Performance Monitoring Toolset keeps crashing
I've been having lots of problems with the Performance Monitoring Toolset since putting my CF2018 Enterprise intranet into production about a month ago. I have the PMT installed on my Test/Dev server (Windows Server 2019, 64Gb RAM, running a Development instance of CF18 plus the PMT), and it's monitoring my Dev site plus my production site on another server (same hardware/setup).

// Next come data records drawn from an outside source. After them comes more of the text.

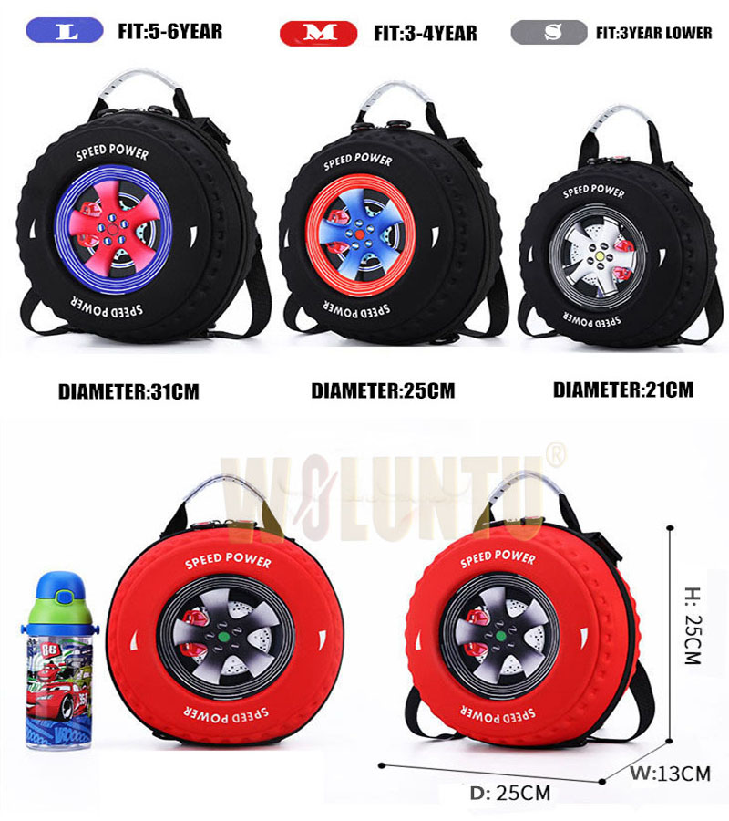 2019 New 3D Cartoon Car Tire Shape Backpack Children Zipper Bag Backpack Tire Shape Very unique looks and super cute. Perfect backpack for kids of ages 6 months to 4 years. Best suited to carry heavy loads for long. The handle is a handle belt that makes it easy to hold! 結構コンパクトです! でも大容量。 背負うためのストラップ。 背負わない時は収納できるようになってます。 転がすためのタイヤ。 しっか. Size is perfect to for preschoolers and picnic going. With the poster above we classified 8 different. Backpack Tire Shape.
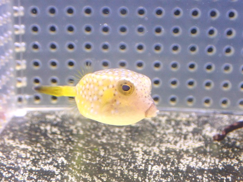大人気!可愛いサイズのハコフグです。冷凍ブラインシュリンプや乾燥エビなどから与えると餌付けは容易です。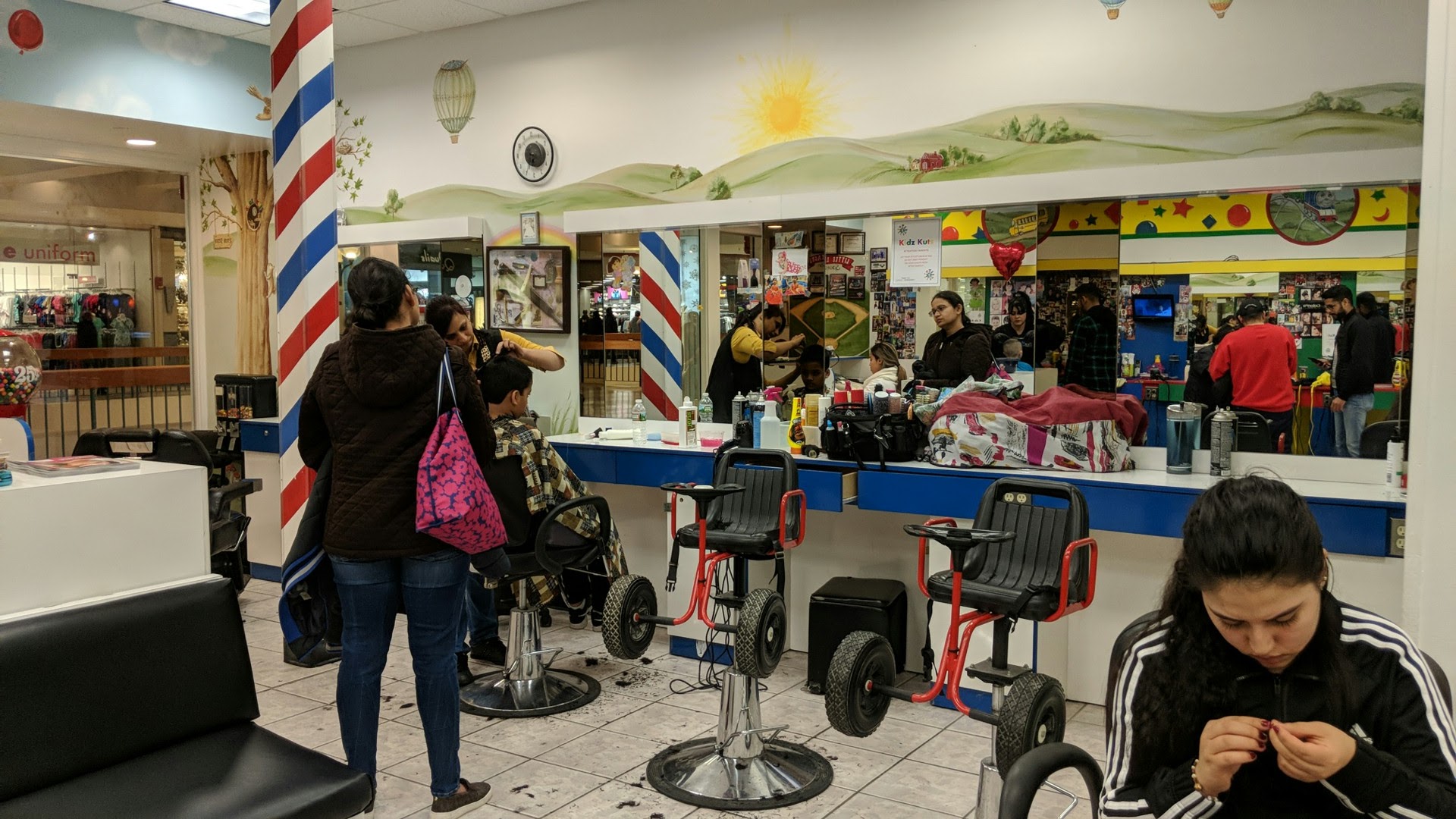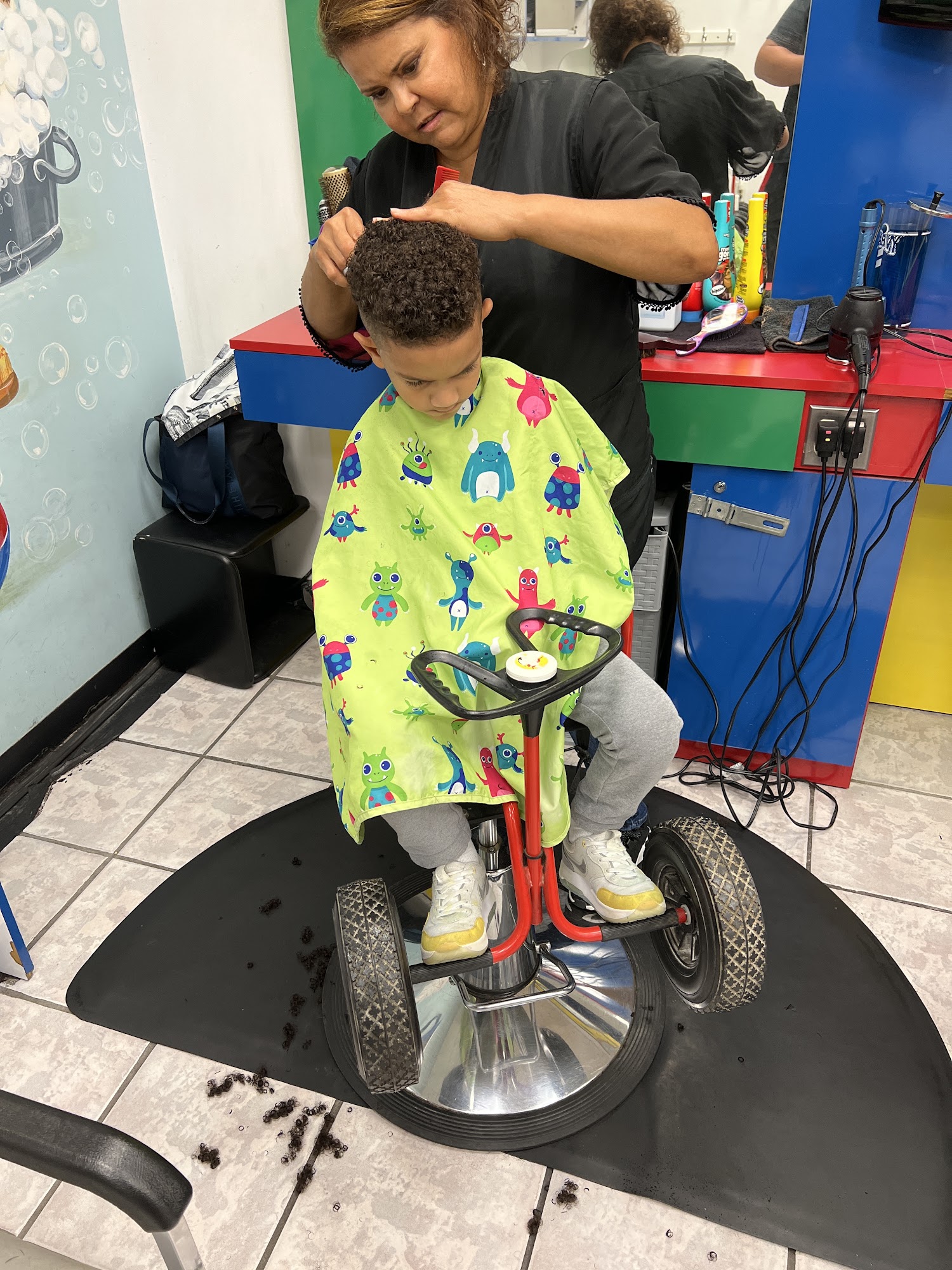 Kidz Kuts is a friendly place that specializes in kids' haircuts. The salon has special seats with steering wheels for children and offers a keepsake card with a clipping of the child's hair for their first cut. Stylists are patient and understanding, especially with children who have autism or sensory issues. Parents appreciate the stylists' willingness to listen to their requests and give children time to adjust to their new haircut. The staff, including Xiomara and Mona, are noted for their amazing skills, providing quick and efficient haircuts while ensuring that kids are comfortable. Mona handled a child's first haircut very well, engaging him with toys and an iPad, which helped make the process smooth. Xiomara went above and beyond to make a young boy feel comfortable with toys, bubbles, and her calm demeanor, turning his first haircut into a positive experience. Kidz Kuts also offers buzz cuts, making it a great choice for families looking for a welcoming atmosphere.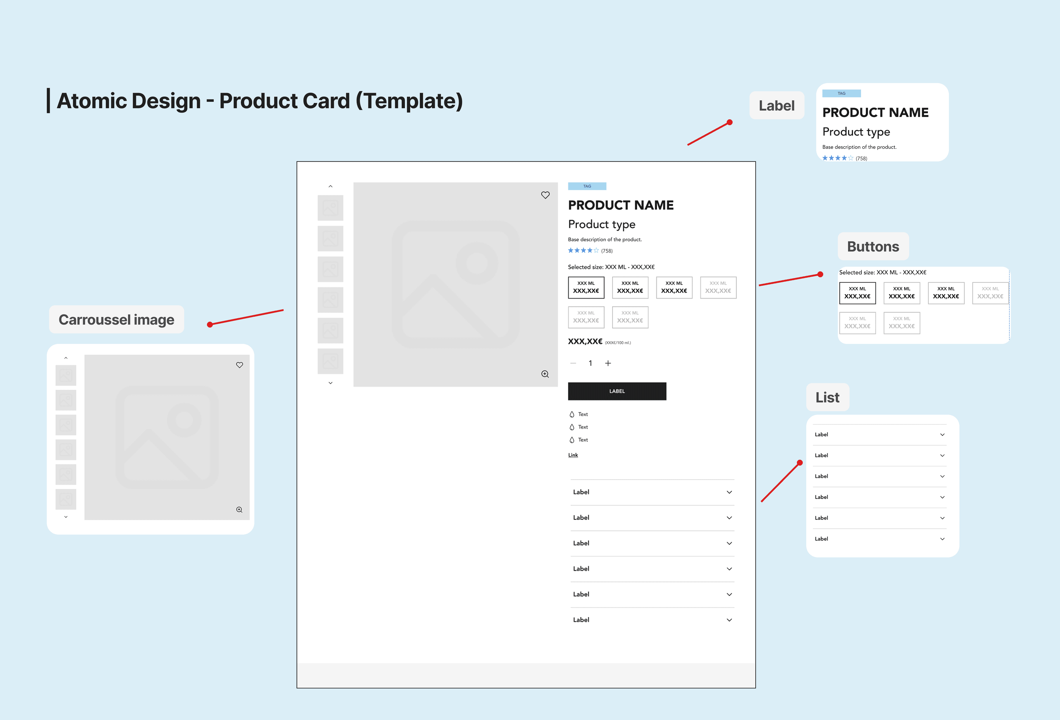 Atoms (buttons, icons, inputs) combine into molecules (dropdowns, tooltips), which scale into organisms (headers, product modules). These structures then form templates and full pages, allowing us to validate cohesion in real market contexts.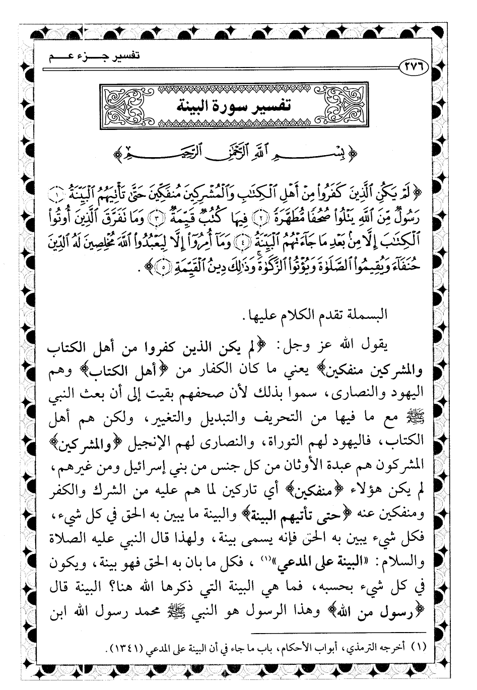 يقول الله عز وجل: {لم يكن الذين كفروا من أهل الكتاب والمشركين منفكين} يعني ما كان الكفار من {أهل الكتاب} وهم اليهود والنصارى، سموا بذلك لأن صحفهم بقيت إلى أن بعث النبي صلى الله عليه وسلّم مع ما فيها من التحريف والتبديل والتغيير، ولكن هم أهل الكتاب، فاليهود لهم التوراة، والنصارى لهم الإنجيل {والمشركين} المشركون هم عبدة الأوثان من كل جنس من بني إسرائيل ومن غيرهم، لم يكن هؤلاء {منفكين} أي تاركين لما هم عليه من الشرك والكفر ومنفكين عنه {حتى تأتيهم البينة} والبينة ما يبين به الحق في كل شيء، فكل شيء يبين به الحق فإنه يسمى بينة، ولهذا قال النبي عليه الصلاة والسلام: «البينة على المدعي» (¬1) ، فكل ما بان به الحق فهو بينة، ويكون في كل شيء بحسبه، فما هي البينة التي ذكرها الله هنا؟ البينة قال {رسول من الله} وهذا الرسول هو النبي صلى الله عليه وسلّم محمد رسول الله ابن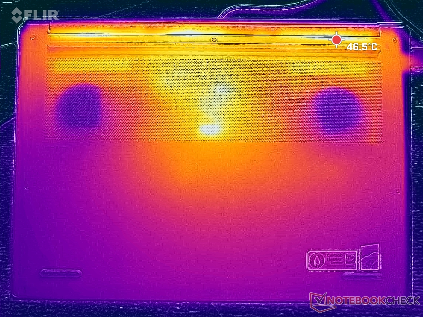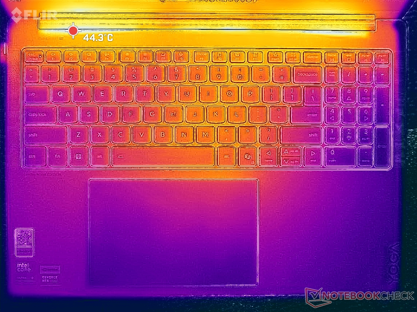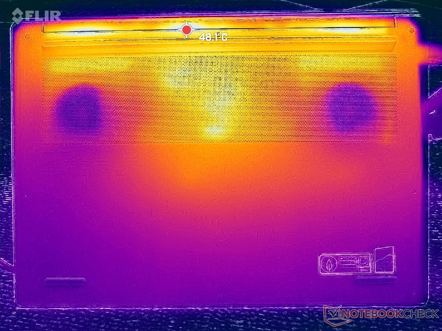 De oppervlaktetemperaturen tijdens het uitvoeren van veeleisende belastingen zijn merkbaar koeler dan wat we hebben gemeten op de RTX 5070 configuratie. Hete plekken tijdens het stationair draaien van Cyberpunk 2077 bereikten iets meer dan 35 C en 42 C op respectievelijk het toetsenbord en de onderkant, vergeleken met 42 C en 46 C op de snellere RTX 5070.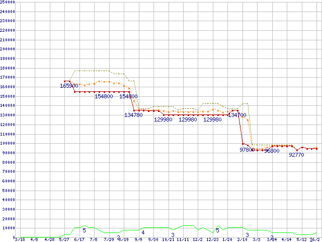 ※このグラフは過去のデータも税率5%相当に調整した税込み相当額のグラフです。 税率変更や、総額表示方式導入(2004年4月)の影響は除いています。 | | | ●凡例 | 最安値 (点線部は販売店未確認 または未調査) | 平均値 | 最高値 | ショップ数 |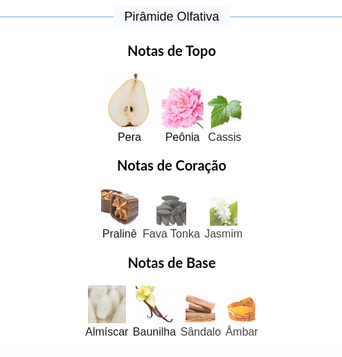 As notas de coração são: Pralinê, Fava Tonka e Jasmim.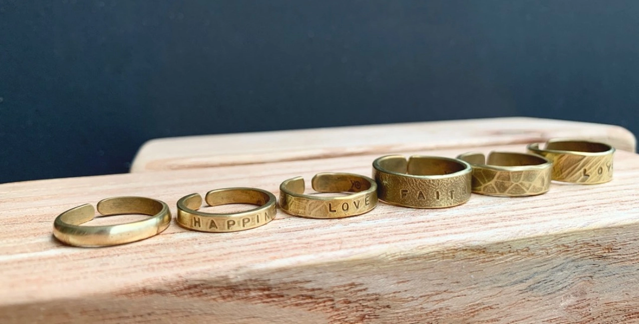 小班制至多8人,能依據各別進度仔細指導,課程時長約1至1.5小時。主要以純銀及黃銅兩種材質的戒指與手環為手作課程,去進行剪裁、銼修、打磨、敲字、敲紋、扭轉、焊接等,經由不同的技法淬鍊出專屬於你的作品。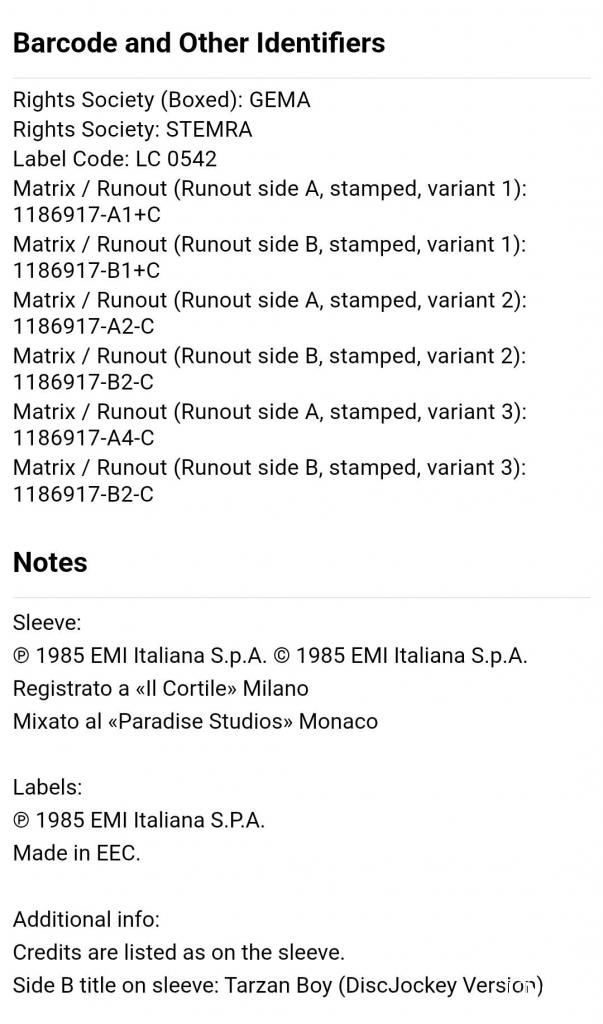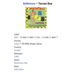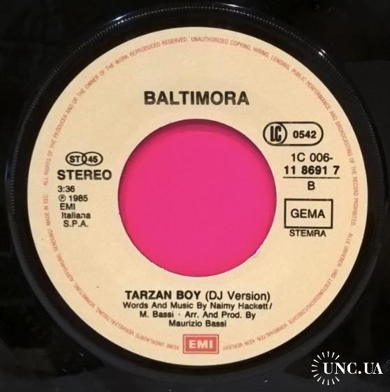 Вінілова платівка. Перший, дебютний, в дискографії, студійний міні сингл (ЕР 7), Італійської поп-групи із Мілана, стилю італо диско, Baltimora, до складу якої входили продюсер Мауріціо Бассі та музичний виконавець Джимі МскШейн (Tarzan Boy) 1985. Випуск фірми (EMI) Holland, 1985-ий рік. Оригінальне, першопресове Голландське видання. Стан платівки ЕХ+. Стан конверту ЕХ+. Відправка по Україні службами доставки: Нова Пошта, Укр Пошта, Делівері. Також відправляємо посилки за кордон по цілому світу.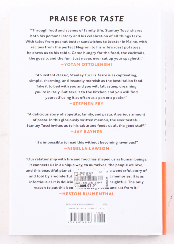 "Taste" hardcover book has been hand-signed by Stanley Tucci. Please note, there is edge wear on the book cover.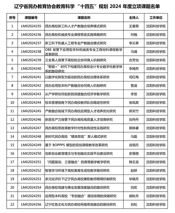 近日,辽宁省民办教育协会发布了《关于批准教育科学“十四五”规划2024年度立项课题的通知》(辽民教协发〔2024〕1号)。经本人申报、学校遴选推荐、专家评审等程序,我校成功获立课题22项!
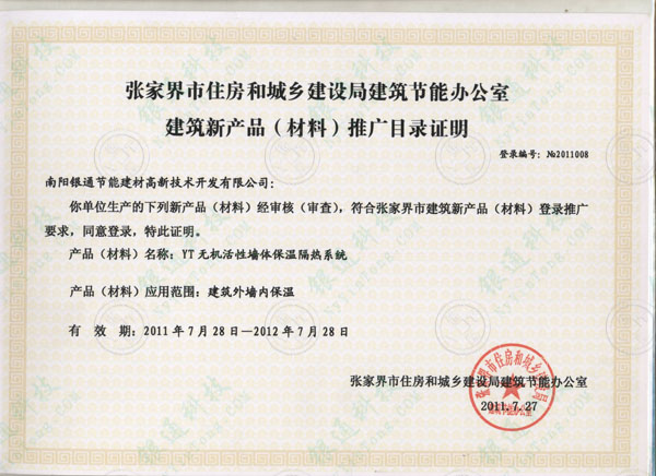 張家界市住房和城鄉(xiāng)建設(shè)局建筑節(jié)能辦公室建筑新產(chǎn)品(材料)推廣目錄證明 登錄編號:No.2011008 南陽銀通節(jié)能建材高新技術(shù)開發(fā)有限公司:你單位生產(chǎn)的下列新產(chǎn)品(材料)經(jīng)審核(審查),符合張家界市建筑新產(chǎn)品(材料)登錄推廣要求,同意登錄,特此證 明。 產(chǎn)品(材料)名稱:YT無機(jī)活性墻體保溫隔熱系統(tǒng) 產(chǎn)品(材料)應(yīng)用范圍:建筑外墻內(nèi)保溫 有效期:2011年7月28日——2012年7月28日 張家界市住房和城鄉(xiāng)建設(shè)局節(jié)能辦公室 2011.7.27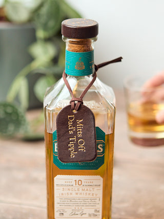Painted Leather Bottle Tag - Personalised gifts for the home - gifts for the bar - little extra gifts - Father’s Day gifts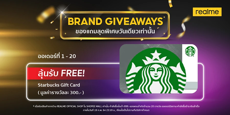 - สำหรับออเดอร์ที่ 1 - 20 เมื่อสั่งซื้อขั้นต่ำ 899 บาท ลุ้นรับฟรี Starbuck Gift Card มูลค่า 300 บาท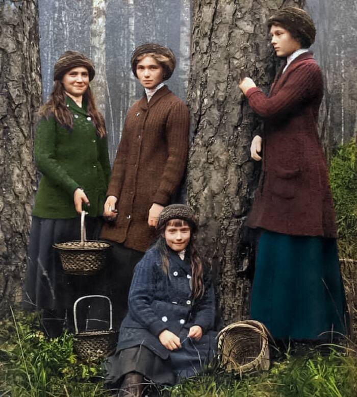 Великие княжны Ольга, Татьяна, Мария и Анастасия Романовы собирают грибы. #Романовы Ещё больше фотографий: ____________ Telegram | ВК | MAX | Дзен | Пикабу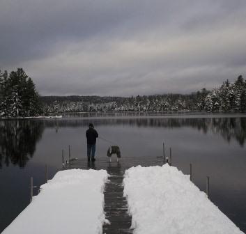 The camps have been closed for nearly a month but members may fish from the main dock, if they wish, until the lake is covered with ice. Not many of them do, and after more than a foot of heavy, wet snow fell on Wednesday, I figured fishing was done for the year. The lake remains free of ice, so casting is still possible, but after struggling to get chains on the tractor, clearing the dooryard and digging paths to the barn and the chicken coop, digging out a spot for some yo-yo to fish from was not high on my agenda.

What seems to keep happening every couple days or so is that the Elasticsearch datastore services that underlie the PMT are crashing, which initially makes it impossible to login. When I find that, I go to restart the Datastore service, then the PMT service itself, but the PMT service won't start because it fails to connect to the Datastore. After several attempts, I usually get frustrated and uninstall and reinstall the whole thing, which is clearly not a viable long-term solution.
The datastore/logs files show stuff like:
org.elasticsearch.action.search.SearchPhaseExecutionException: all shards failed
java.lang.OutOfMemoryError: Java heap space
I know the latter, so on my most recent install, I bumped the heap size up to 4Gb, thinking maybe it's just not enough to keep track of my workload (seems unlikely).
The PMT logs show this when it won't start:
[ERROR] 2019-06-27 11:45:52.658 com.adobe.pms.es.client.ElasticSearchClient - Datastore Service not available. Retrying to connect...
[ERROR] 2019-06-27 11:46:27.884 com.adobe.pms.es.client.ElasticSearchClient - Datastore Service not available. Shutting down Performance Management Suite...
Even though the Datastore service seems to be running and its own logs show it having recovered.
I was hoping there'd be more mentions of these issues online or a patch, but I can't find anything related to it. It's concerning because I keep finding myself needing to be able to see what's running on the Production server and the PMT is down and so I have no visibility to my server's active jobs. Seems like the PMT was put together a bit hastily on a new stack of technologies that don't exactly work well together, and not having the Server Monitor any longer leaves us a bit blind as to what our servers are doing.
If anybody's had similar experience with the PMT or any insight on how to manage it, I'd sure appreciate it.